Data to use START

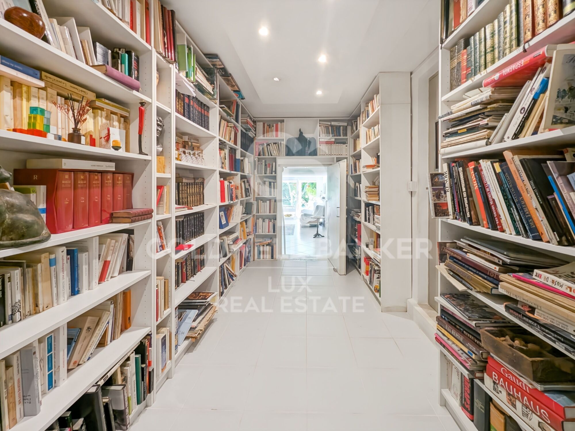 The main house comprises a large living room with a fireplace, extended by a large terrace, an open-plan kitchen and dining room, a second terrace with access to the swimming pool, and four bedrooms distributed around the living areas. Two independent apartments complete the property: the first with a living room, kitchen, two bedrooms and a bathroom; the second, more compact, with two rooms and a shower room. A library and office area provide separate workspaces and reading areas.
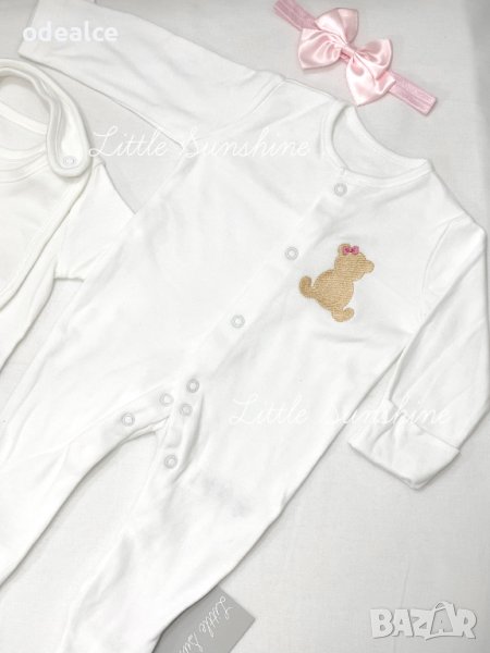 - Гащеризон за изписване - бял, с висококачествена бродерия Меченце, органичен памук, модел с ръкавички *Размер 0-3м
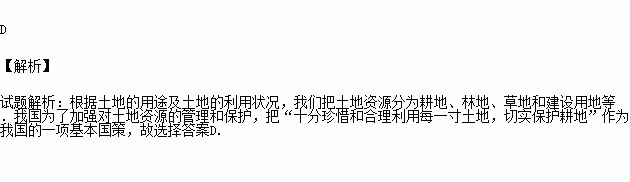 D.十分珍惜和合理利用每一寸土地,切实保护耕地
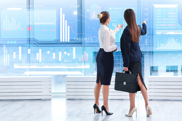 Two colleagues working on new global financial strategy analysis plan using laptop.Modern business team innovation concept.Project meeting at office with virtual graph and chart data interface
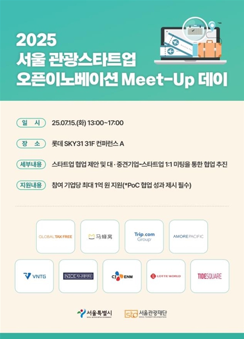 서울시와 서울관광재단이 관광 새싹기업의 새로운 도약을 지원하기 위해 ‘2025 서울 관광새싹기업(스타트업) 개방형 혁신전략(Open Innovation) 교류의 날(Meet-up Day)’을 7월 15일 롯데 스카이31 컨벤션(송파구 올림픽로 300, 롯데월드타워 31층)에서 개최한다.
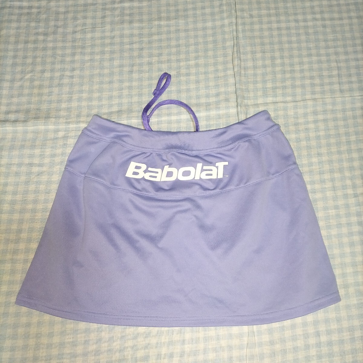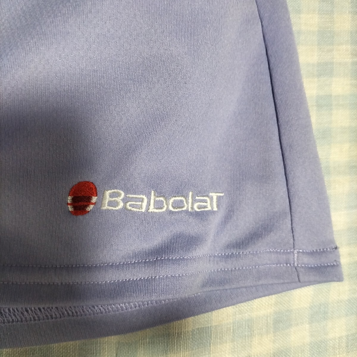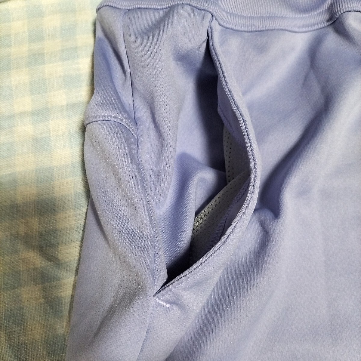 色は薄紫 後ろに白のロゴのプリント 左右ポケットあり。 ポケットの付け根にステッチがあり、左はピンクで2本、右は生地と同色のうす紫で1本です。サイズはOですが、私は他のテニスウェアのMくらいだと思います。実寸:ウエスト66cm〜80cm着丈33cm
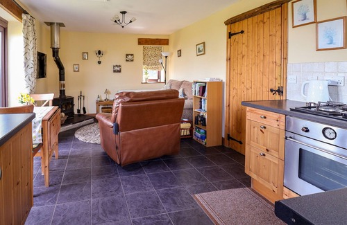 Dolphin Bach, a single-storey abode consists of an open-plan living space including a kitchen with an electric oven, gas hob, microwave, fridge, a dining area with seating for two people, and a sitting area with a woodburning stove and TV. WiFi via Hotspot. The bedroom consists of a double, accompanied by a wet room. Outside, there is an enclosed garden with lawn, patio, furniture, BBQ, and off-road parking for two cars. Within 0.6 miles, you will find a shop, and within 0.1 miles, a pub. Well behaved pets welcome. Sorry, no smoking allowed on the premises. Fuel, power, starter pack for woodburning stove, bed linen and towels are all included in the price. Dolphin Bach makes an excellent base for a rural escape to Wales. Note: Check-in from 2pm, check-out by 11am. Note: Guests may launder their items in the owners adjacent washing machine for a small fee if required and with the owner's arrangement. Note: Cindy (Joint Owner) is a fully qualified massage therapist and a wide range of therapeutic or relaxing therapy treatments can be provided onsite, subject to availability. Please note: The property has a minimum of a 3 night stay.
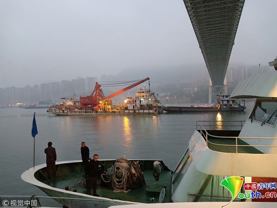 2018年10月30日,重慶,救援現(xiàn)場(chǎng)。10月28日上午10時(shí)8分,一輛公交車在重慶市萬州區(qū)長(zhǎng)江二橋墜入江中。目前打撈工作有何進(jìn)展?記者采訪了交通運(yùn)輸部上海打撈局救撈工程船隊(duì)隊(duì)長(zhǎng)周東榮。
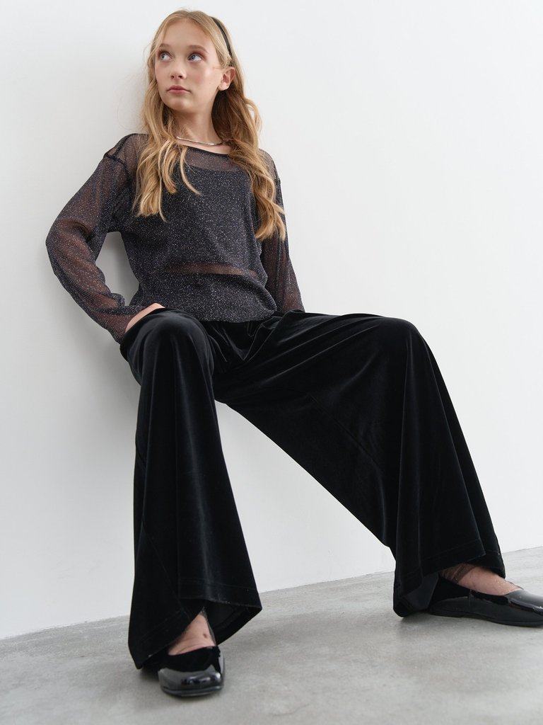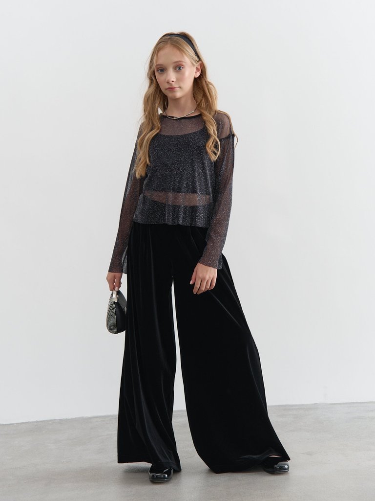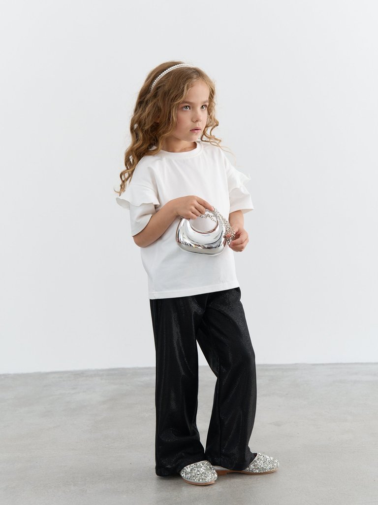 Нарядные брюки из приятного к телу трикотажа с люрексом. Продуманный крой для свободы движений. Красивая посадка на любой тип фигуры. Широкий пояс с эластичной резинкой подчеркивет талию. Ткань Трикот... Показать описаниеаж Состав 100% полиэстер Уход Машинная стирка 40 °C. Предварительная стирка обязательна. Страна производства: Россия

Data to use END

Write out every record exactly. Leave the pictures out.

▶ Response to this task
 The main house comprises a large living room with a fireplace, extended by a large terrace, an open-plan kitchen and dining room, a second terrace with access to the swimming pool, and four bedrooms distributed around the living areas. Two independent apartments complete the property: the first with a living room, kitchen, two bedrooms and a bathroom; the second, more compact, with two rooms and a shower room. A library and office area provide separate workspaces and reading areas.
 - Гащеризон за изписване - бял, с висококачествена бродерия Меченце, органичен памук, модел с ръкавички *Размер 0-3м
 D.十分珍惜和合理利用每一寸土地,切实保护耕地
 Two colleagues working on new global financial strategy analysis plan using laptop.Modern business team innovation concept.Project meeting at office with virtual graph and chart data interface
 서울시와 서울관광재단이 관광 새싹기업의 새로운 도약을 지원하기 위해 ‘2025 서울 관광새싹기업(스타트업) 개방형 혁신전략(Open Innovation) 교류의 날(Meet-up Day)’을 7월 15일 롯데 스카이31 컨벤션(송파구 올림픽로 300, 롯데월드타워 31층)에서 개최한다.
 色は薄紫 後ろに白のロゴのプリント 左右ポケットあり。 ポケットの付け根にステッチがあり、左はピンクで2本、右は生地と同色のうす紫で1本です。サイズはOですが、私は他のテニスウェアのMくらいだと思います。実寸:ウエスト66cm〜80cm着丈33cm
 Dolphin Bach, a single-storey abode consists of an open-plan living space including a kitchen with an electric oven, gas hob, microwave, fridge, a dining area with seating for two people, and a sitting area with a woodburning stove and TV. WiFi via Hotspot. The bedroom consists of a double, accompanied by a wet room. Outside, there is an enclosed garden with lawn, patio, furniture, BBQ, and off-road parking for two cars. Within 0.6 miles, you will find a shop, and within 0.1 miles, a pub. Well behaved pets welcome. Sorry, no smoking allowed on the premises. Fuel, power, starter pack for woodburning stove, bed linen and towels are all included in the price. Dolphin Bach makes an excellent base for a rural escape to Wales. Note: Check-in from 2pm, check-out by 11am. Note: Guests may launder their items in the owners adjacent washing machine for a small fee if required and with the owner's arrangement. Note: Cindy (Joint Owner) is a fully qualified massage therapist and a wide range of therapeutic or relaxing therapy treatments can be provided onsite, subject to availability. Please note: The property has a minimum of a 3 night stay.
 2018年10月30日,重慶,救援現(xiàn)場(chǎng)。10月28日上午10時(shí)8分,一輛公交車在重慶市萬州區(qū)長(zhǎng)江二橋墜入江中。目前打撈工作有何進(jìn)展?記者采訪了交通運(yùn)輸部上海打撈局救撈工程船隊(duì)隊(duì)長(zhǎng)周東榮。
 Нарядные брюки из приятного к телу трикотажа с люрексом. Продуманный крой для свободы движений. Красивая посадка на любой тип фигуры. Широкий пояс с эластичной резинкой подчеркивет талию. Ткань Трикот... Показать описаниеаж Состав 100% полиэстер Уход Машинная стирка 40 °C. Предварительная стирка обязательна. Страна производства: Россия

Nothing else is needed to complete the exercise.